12 years

I'm sitting here on the night before my anniversary just reflecting and mentally looking back at the past 12 years. This isn't written pretty and I'm typing on my tablet so just go with it.

We've had an awesome 12 years together and I've laughed till I've cried and I've just plain cried.

We've done big things like Disney for our honeymoon and small things like walking around Target looking into the awful magnification mirrors in the beauty section. (don't do that its awful)
We went to college together and took Greek together while being married. Ẃe worked at GAP together and you were my boss for a little while. We started helping in a church plant in the youth together.  So many things that were such a big part of our lives and part of what has shaped us to be who ẃe are.
I'll never forget making a bologna sandwich for you and having no idea that I needed to take the red part off. That first year when you ate all my burnt food except the burnt fried chicken that was a bloody mess. You even ate tofu for me. you sold your Camaro for a more baby friendly option.

The moment just a couple months shy of our one year anniversary finding out we were pregnant for the first time.
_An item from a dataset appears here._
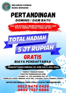 Pertandingan Domino/Dam Batu yang memperingati HUT Kota Tebing Tinggi yang ke-107 sekaligus memperebutkan hadiah dari Kawan Bang Monang (KBM) pada Sabtu 07Juli 2024 dari pukul 20:00 Wib sampai selesai.

Sitting in the book store trying to figure out names and finding out the baby was a she. Being in the delivery room and you eating a Hamburger minutes before she arrived.
The day we found out number 2 was on the way way faster then we were ready for. You in grad school trying every job from plumbing, to selling cars to McDonald's manager. Smelling like chicken nuggets for days.
I'll never forget the day they said they saw something on the ultrasound. The next appointment hearing spinabifida and having no idea what it even was. Remembering crying and holding each other and being scared out of our mind. There were dark days in our marriage. Days that I have wanted to wish away and yet days that have made us who we are. We just kept going.   Toby came and we survived. Surgeries and scares and life being crazy. Uprooting our tiny family and moving out to Texas to start a youth pastor ministry.
In Texas we made the decision for one more child (laughable now) and when we found out we were pregnant we were told we might not keep the pregnancy. And here we have Milo. Our beautiful, kind Milo.  Then came Vander in all his red hair glory all the while we are missions tripping, camping, youth pastoring, junior senior banqueting, activities and just living.  Four and no more was a great motto. We were exhausted warn pretty thin and had come off an extremely hard dangerous surgery with Toby and then........ Wren. Our baby. I wasn't ready for her, wasn't planning on her and 3 days before we found out we talked about permanent surgery options and adopting one day. And then wren.  we thought we were done with hardships, another major surgery and recovery for Toby, broken ac, head lice for all the kids and Nate going to Guatemala ....we were done with hard. God had given us the most amazingly beautiful miraculous home that we were building and hard was behind us. Then at almost exactly 2 months old while standing watching Toby wheelchair basketball game it was like our baby went blind. Her eyes couldn't focus, they shook non stop and it felt like ultrasound day again. We heard words like cancer and tumor and after a week of tests the dreaded  'we dont know'  we have fought and fought for our kids and we fought for wren. Albinism of the eyes. No idea on her vision.  And yet we kept going. Moving from assistant pastor back to youth and things getting down right complicated. We held hands and just kept going. And now here we are moving our family over 1k miles away from everything our children have ever known (along with a great Dane) you are a Pastor for the first time and we have a great big life ahead of us.
So much more I could have mentioned, so much life lived in 12 years. You are the most fun husband. You make me laugh more than anyone and I miss standing in the kitchen eating cereal when the kids go to bed. You give and give and give of yourself until I'm certain there is nothing left for you to give and yet you find more. You drive back and forth to see us no matter how worn out you are. You never lost your temper even when that 3 day trip had some temper worthy moments. Ive watched you love those that aren't easy to love and show grace to those that didn't deserve it. (myself included) You love Jesus and you take your responsibility seriously. And yet you are still real. Our children love you and there is a huge hole in our family when you are gone. You are my partner in every aspect of my life. You always point me back to God even when I'm sure you are tired of reminding me. You have changed so much and I've watched you allow God to work and change and get you ready for such an important job.  I know I dont tell you this often enough.  but I want you to know I love you. You are perfect for me. And I'd walk the isle all over again.